So, there is a problem for any states and peoples in the semi-periphery and periphery of the world-system adopting such concepts and strategic goals as the promotion of human capital because they are not simply neutral scientific concepts but part of a broader Orientalist discourse that helps to underpin the power of the core states in the MOWS. For example, I asked Dr, Husain Al Ajeli45 the coordinator of learning English language project at Libyan universities, if he thinks that Libyan government changes its position on ELA amongst its students because of Western power. He answered:
“The demand for English language skills nowadays hasn‘t left any authority or
autonomy for us as government. We have no choice now but to prioritise English language training and skills. Whatever we thought before about the dangers of colonial languages has been overturned and English is simply a tool by which we can develop our country‖
The acquisition of English language skills raises both advantages and disadvantages for the Libyan people; it is not simply one thing or the other. The power/knowledge relationship that it entails is there and cannot be ignored as it is more insidious than older forms of colonialism.

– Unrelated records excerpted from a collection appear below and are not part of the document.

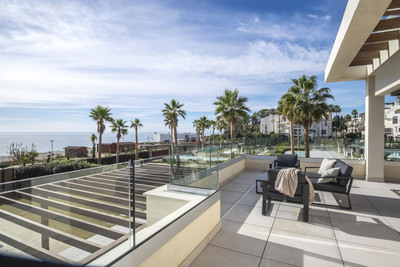 This modern, top-quality villa is located in Velaya Gardens, a prestigious frontline beach development on the New Golden Mile, just a short distance from Estepona town center via the new Paseo.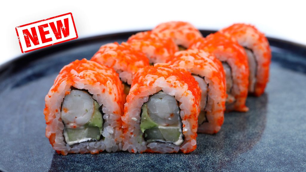 Тигровые креветки, рис, авокадо, огурец, водоросли нори, икра масаго, соус ел.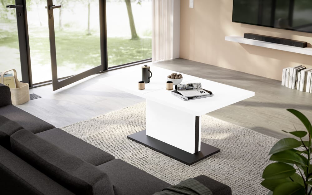 Mäusbacher Couchtisch Lift 1, weiß, inkl. Höhenverstellung Holzdekor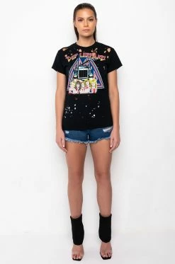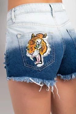 The AKIRA Label Come Clean Ombre Wash Cut Off Denim Short is made from distressed denim and features a high rise waistline, ombre wash, frayed hem, five pocket design with a printed graphic of a fierce tiger on the left butt cheek, and a classic button and zipper closure.
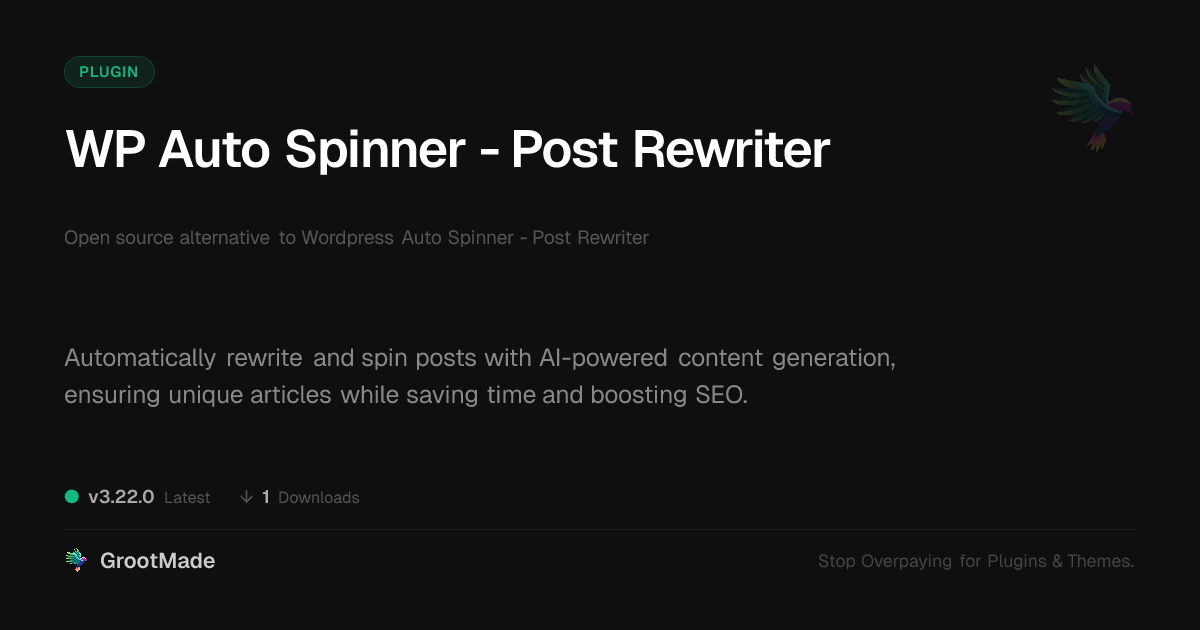 | Forked from | WP Auto Spinner - Post Rewriter |
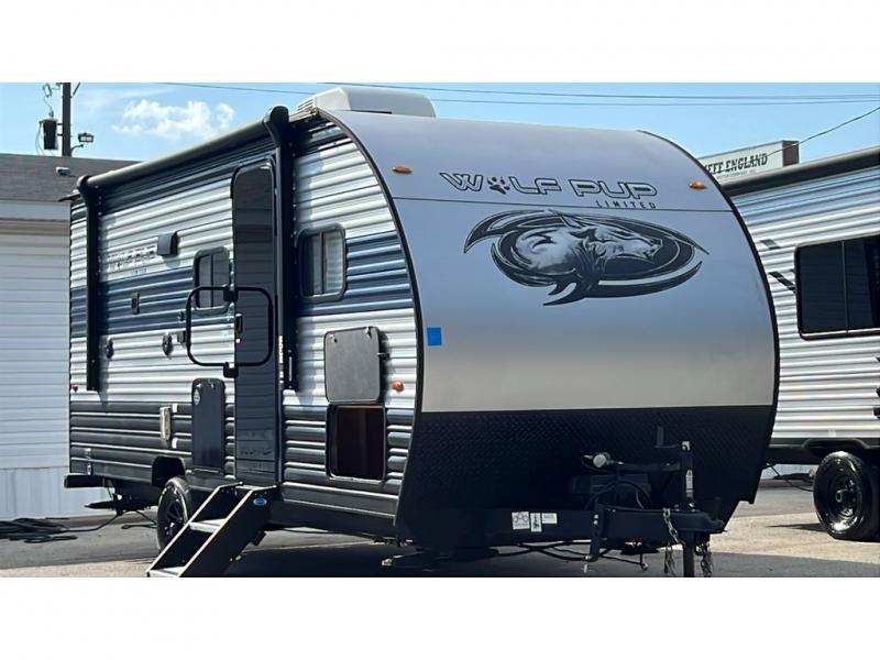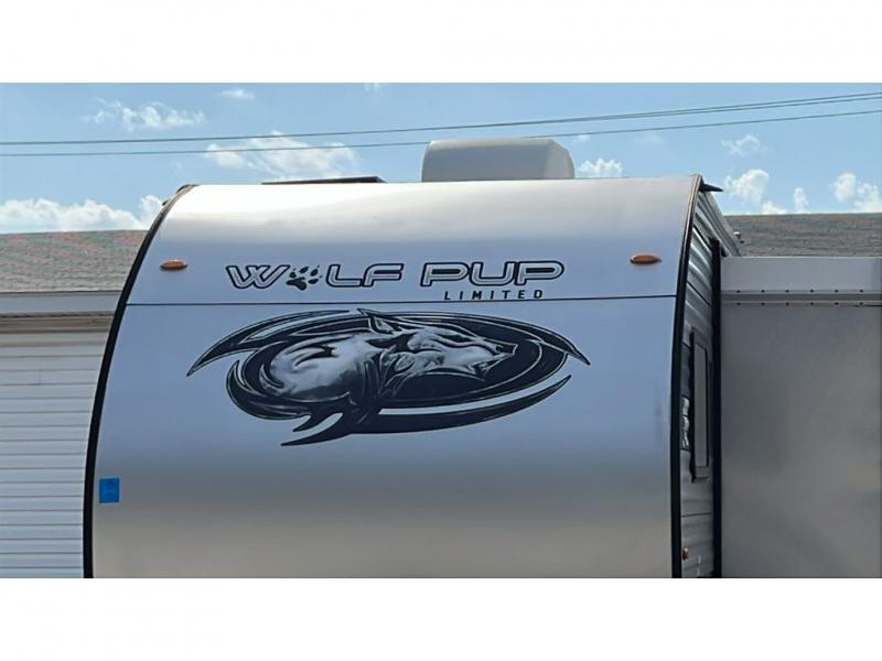 Each one of these Forest River Cherokee Wolf Pup travel trailers and toy haulers are lightweight and easy to tow! They are fully self contained with ample tank capacities, an abundance of storage space, and filled with at home amenities. The aerodynamic smooth radius front profile, the Power Gear frame technology, and the space saver rail design make them easier to maneuver. You will also appreciate the seamless roofing membrane with heat reflectivity to keep the sun from making your unit a hot box. The tongue and groove plywood flooring will hold up for years of fun and the USB charging stations help to keep your electronics at 100% while you're away. Come find the best model for you today!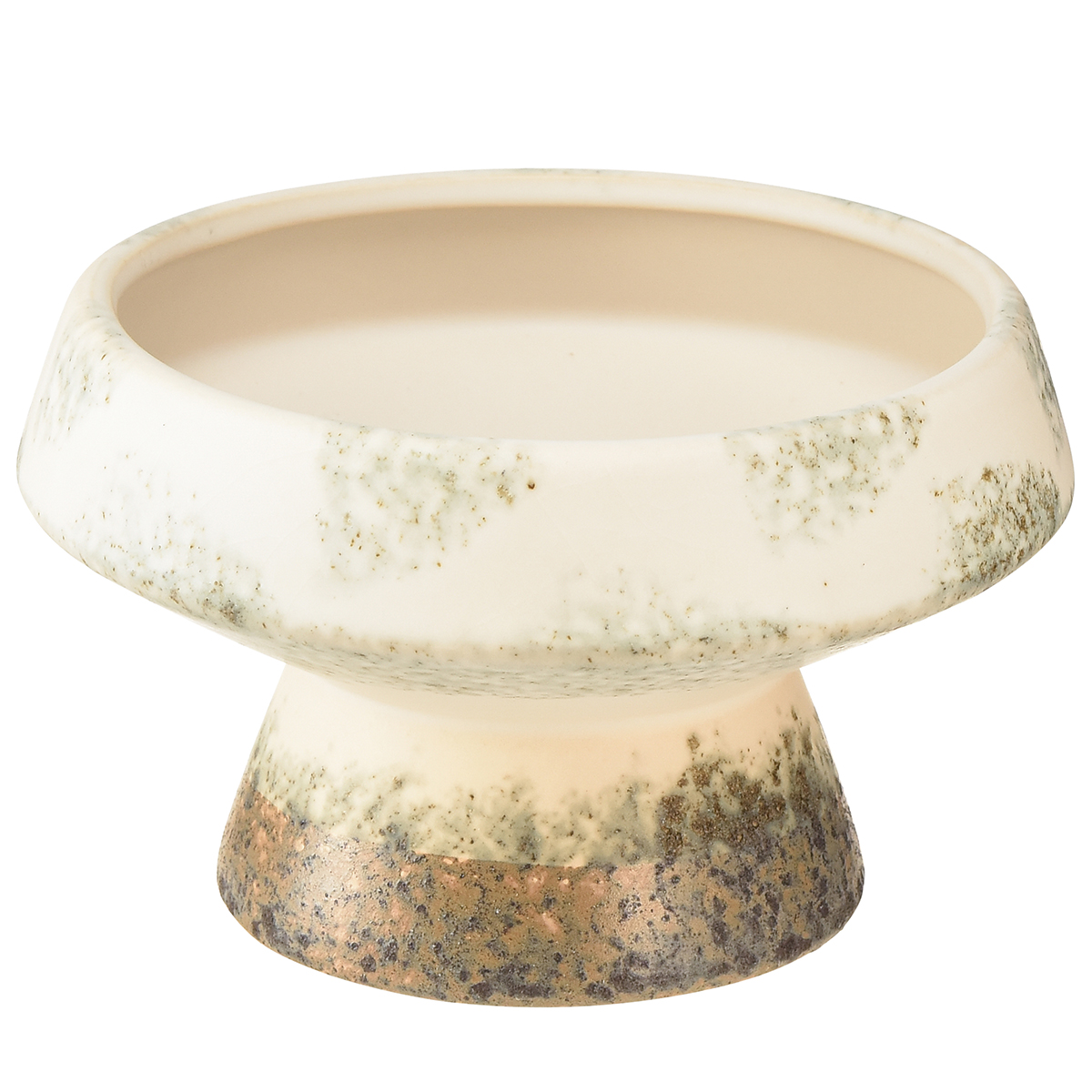 Deko Schale Keramik mit Sockel Creme Graugrün Ø17cm 10cm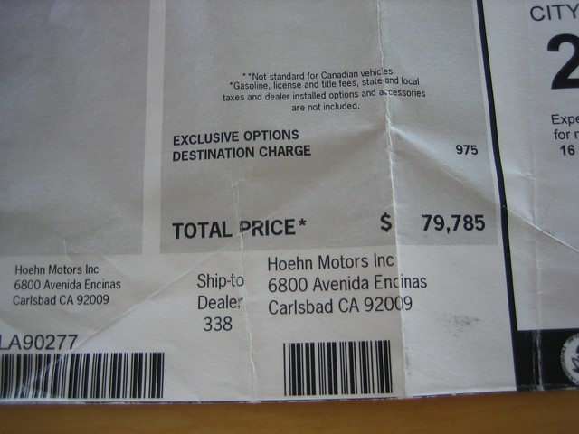 There will be additional charges for California government fees and taxes, any finance charges, any dealer document preparation charge, and any emission testing charge.  Buyers residing in states other than California are responsible for temporary permits, processing fee and any applicable taxes, registration, emission tests, and license and title fees for the state in which they reside.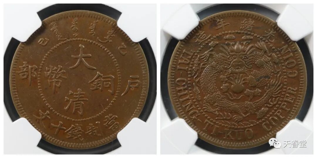 大清铜币乙巳十文新设计龙NGC-XF45BN 华夏古泉39600元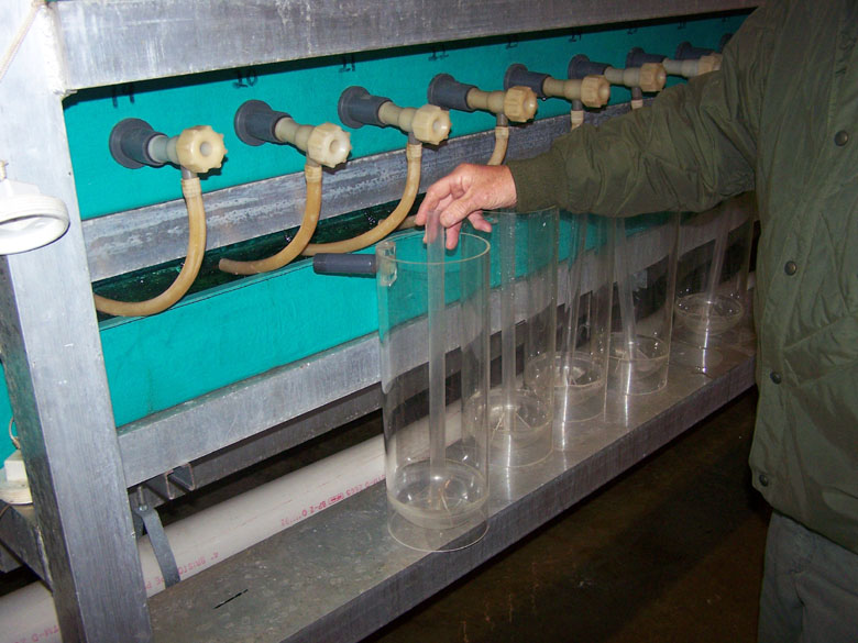 Fry Collection: Water from each jar battery flows to a fry collection tank. Fry swim from the jar and gather in the collection unit. Fry are removed from the collection units and stocked each day during the hatching period which usually lasts 5 – 7 days.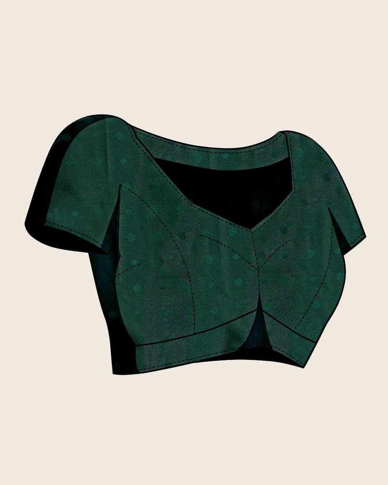 | • | Blouse | : | Color- Green / Fabric- Faux Banarasi |
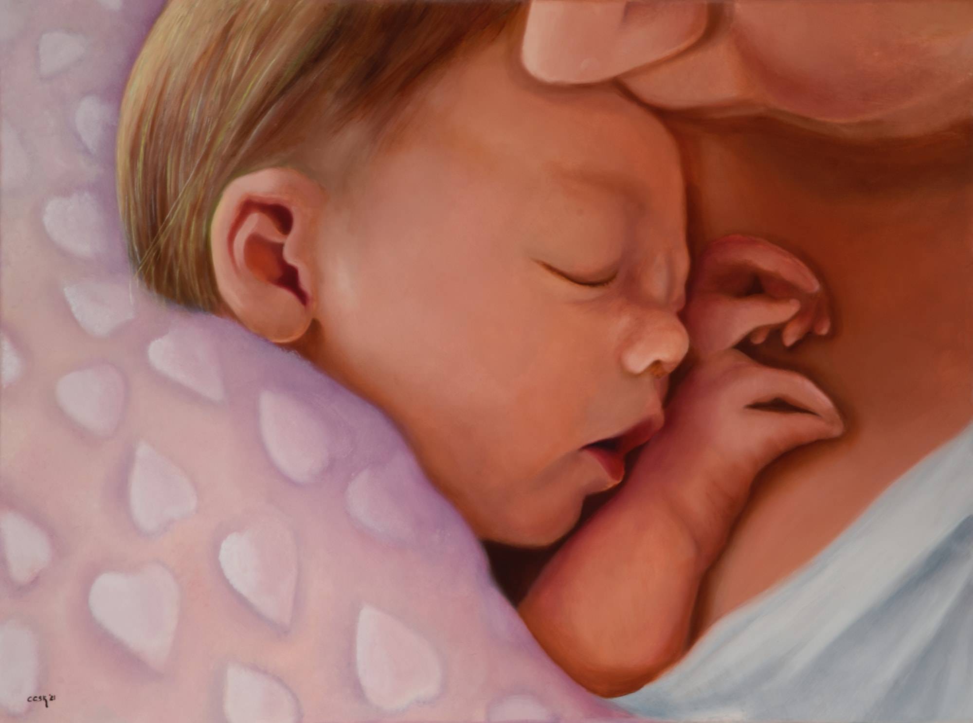 A newborn baby girl, with a pink blanket, asleep on her mother. (Her mother loves pink.) I have known the parents for more than 15 years, since before they married.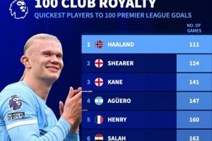 体育资讯12月3日讯 曼城在本轮英超对阵富勒姆,哈兰德首开纪录达成英超百球里程碑。《转会市场》也统计了英超历史最快达成百球场次榜。
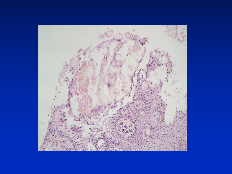 Gingivale Zyste des Kindes (Epstein Perlen) Lok: extraossär, im Bereich des Alveolarfortsatzes Rö: negativ Alter: 1 Lj Ausgang: Reste der Zahnleiste Histo: Plattenepithel mit Parakeratose , im Lumen Keratinlamellen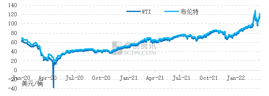 图 1 国际原油价格走势图本周油市涨势重拾,原油价格接连上行,涨幅较大,布伦特重回120美元/桶上方。供应忧虑是油市上行的主要推动力。东欧局势谈判依然存有分歧,美国将与北约、欧盟开会讨论对俄罗斯的新一轮制裁,会前欧盟对俄罗斯石油实施禁运的可能性,以及里海管线石油供应中断,令供应忧虑持续深化,推动了油价的大幅上行,另外,美国石油库存下降也为油市提供上行助力。周内油价低位反弹,创下3月8日以来的最高水平。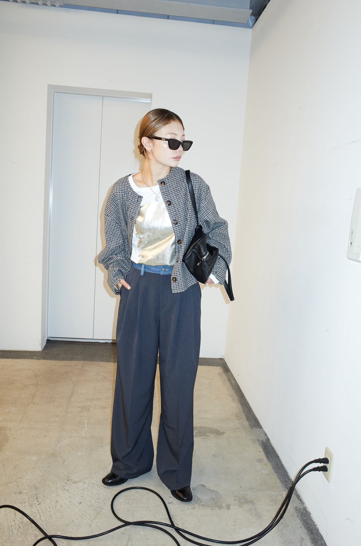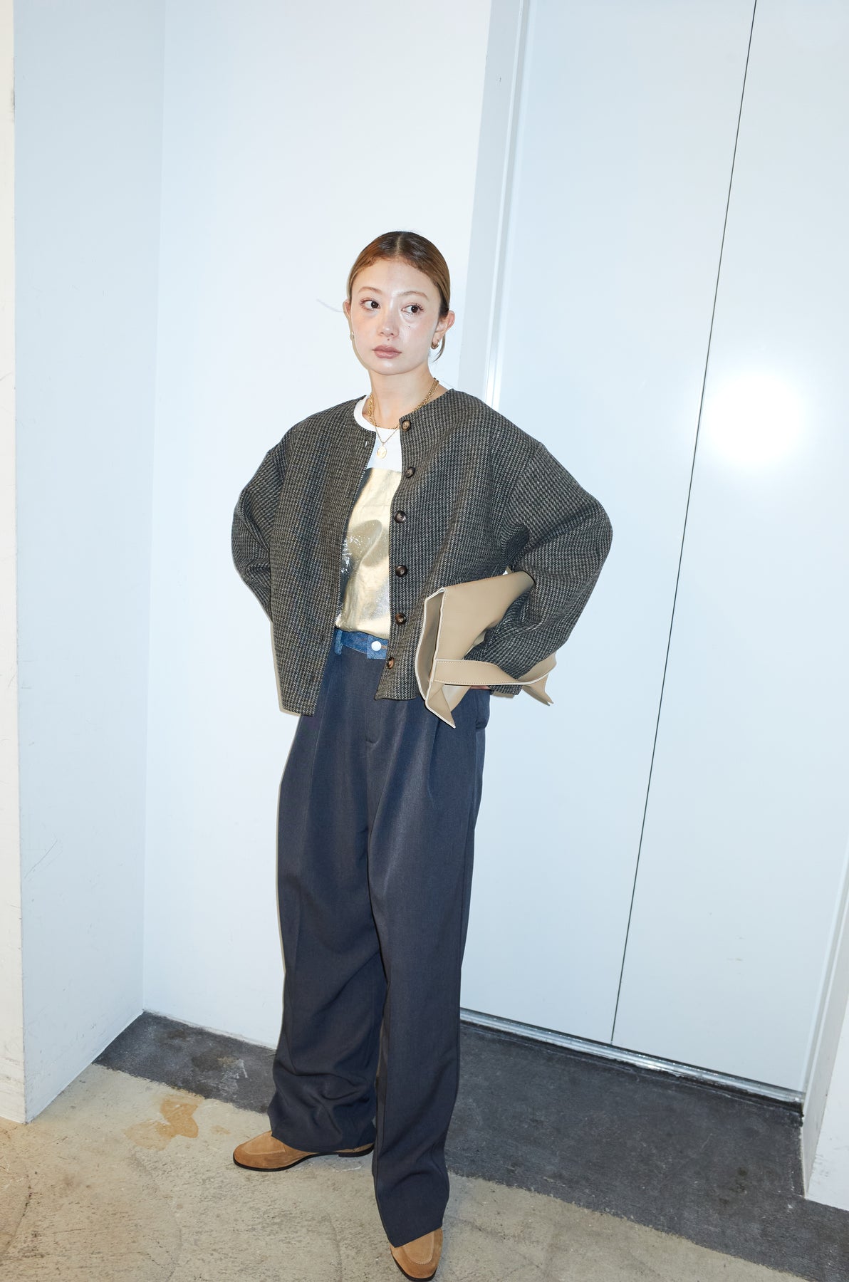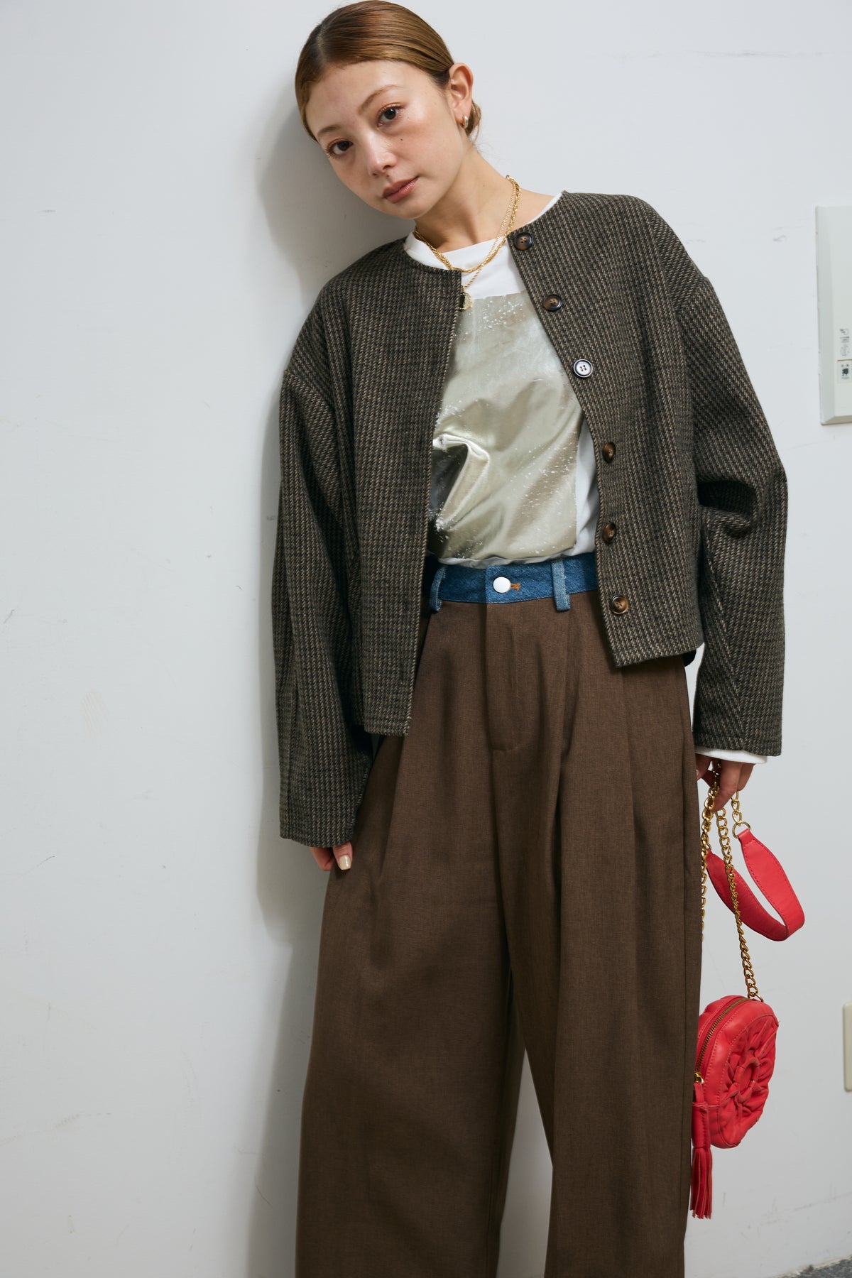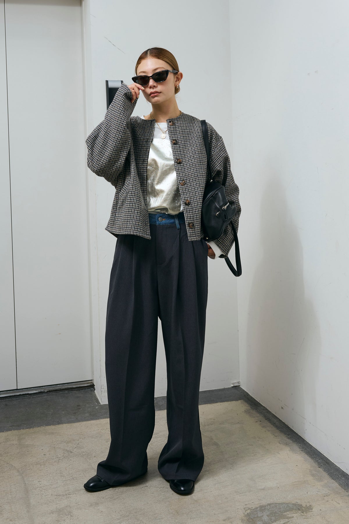 [予約/SET]ガンクラブチェックノーカラーJK+ウエスト配色タックワイドパンツ(2set)

This factor, the acceptance of the legitimacy of such ideas as human and social capital, never happened within the old form of Western power and its brutal military colonialism (Said, 1987; Boulding, 1999; Stoler;46 2002; & Wallerstein, 2006). Nonetheless given the interdependent nature of the advantages and disadvantages that ELA in particular and human capital development in general can potentially bring to a country such as Libya it
45 Interview with Mr, Husain Al Ajeli the coordinator of learning English language project at Libyan universities at the language centre in Al-Fateh University in 04/05/2009.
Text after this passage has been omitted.